The changing politics of the issue — with red states like Texas and Kentucky leading experiments in drug sentencing reform in part to save money — means that the bill actually has a shot in the Republican-dominated House. The decades-old trend of cracking down on drug crime with longer and longer sentences is finally reversing, under the pressure of skyrocketing prison costs and growing concern about the country’s outsized inmate population. (The U.S. makes up only 5 percent of the world population but contains a quarter of its prisoners.)
But the president and his attorney general, Eric Holder, have already begun to use executive power to address the issue, and do not plan to wait on the bill to pass to provide relief for some offenders. The president said in his State of the Union speech Tuesday that he was not afraid to go it alone and use his executive power in his final term if Congress declines to act on one of his priorities.
On Thursday, Deputy Attorney General Jim Cole announced in a speech to the New York State Bar Association that the Obama administration wants the private defense bar to comb through drug cases involving nonviolent inmates who were sentenced under policies or laws that have since changed, and offer them to the president for clemency. Cole also said the U.S. Bureau of Prisons will inform prisoners that they can apply.

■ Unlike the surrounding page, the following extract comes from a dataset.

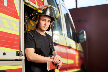 Portrait of tired male firefighter standing near a fire engine at department. Young exhausted fireman in protective uniform looking at camera after fire against the background of big red truck
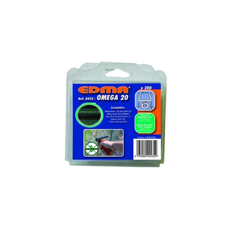 Capse galvanizate cu acoperire PVC verde 200 bucati OMEGA, DIM 20 mm EDMA - 043501 Capse galvanizate cu acoperire PVC verde 200 bucati OMEGA, DIM 20 mm EDMA - 043501

“We need to identify these individuals and get well-prepared petitions into the Department of Justice,” Cole said.
The deputy argued that “these older, stringent punishments, that are out of line with sentences imposed under today's laws, erode people’s confidence in our criminal justice system.”

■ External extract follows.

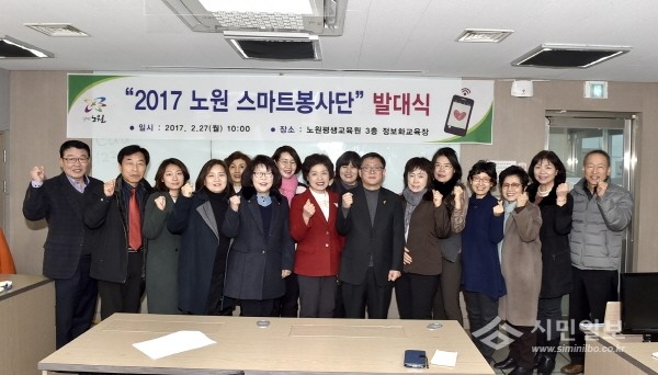 지난 27일 서울 노원구는 평생교육원에서 ‘스마트폰 활용교육’ 전문강사를 도와 수강생의 질문에 1대1로 답변 제공의 역할을 수행하는 ‘스마트봉사단’의 발대식을 개최했다. 사진은 김성환 구청장과 관계자들이 기념촬영을 하는 모습.(사진제공=노원구청)

The Justice Department program aims to help a broader pool of drug offenders than the Senate bill does.
In 2011, about 30,000 people were serving crack cocaine sentences in federal prison, more than 80 percent of them black. Only about 8,800 of these inmates would be eligible for relief under the law being considered by the Senate, according to the U.S. Sentencing Commission, because many have prior drug convictions or other factors that would make them ineligible under the bill’s criteria. Defenders will be combing through the thousands of other cases to see which might be eligible for executive clemency.

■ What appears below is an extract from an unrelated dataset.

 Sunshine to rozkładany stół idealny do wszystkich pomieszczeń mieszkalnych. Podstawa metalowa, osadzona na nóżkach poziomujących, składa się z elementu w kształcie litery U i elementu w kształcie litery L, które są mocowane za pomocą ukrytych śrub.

Margaret Love, a former pardon attorney for the Justice Department, called Cole’s announcement “unprecedented.” Love represents five clients who are serving life sentences for crack, and is planning on applying for clemency for all five. None of her clients would be helped by the Senate bill, should it pass, because they had prior drug convictions when they were sentenced to life.
“There’s some people that only the president could help,” said Michael Nachmanoff, the public defender for the Eastern District of Virginia, which was home to the most crack convictions of any district over the past 25 years. “The president needs to be willing to use that power.”
In December, Obama commuted the sentences of eight crack offenders, calling the system they were imprisoned under “unfair.” Most of the eight were serving life sentences. The president exercised his clemency power just 23 times in his first term, a far lower rate than President George W. Bush.
Holder, a former federal prosecutor and judge, has long been opposed to drug sentencing laws that punish the distribution of crack cocaine far more harshly than powder cocaine, and that imprisoned nonviolent offenders for years and years, burdening the prison system. Last August, he directed U.S. attorneys to no longer automatically push for mandatory minimums when prosecuting drug cases, saying that aggravating factors, such as violence, must be present to merit longer sentences.
Federal prisons account for just 200,000 of the country’s 2 million prisoners, but advocates say the push may have a ripple effect in the states, encouraging reforms there as well. Twelve states still punish crack cocaine offenders far more harshly than powder offenders.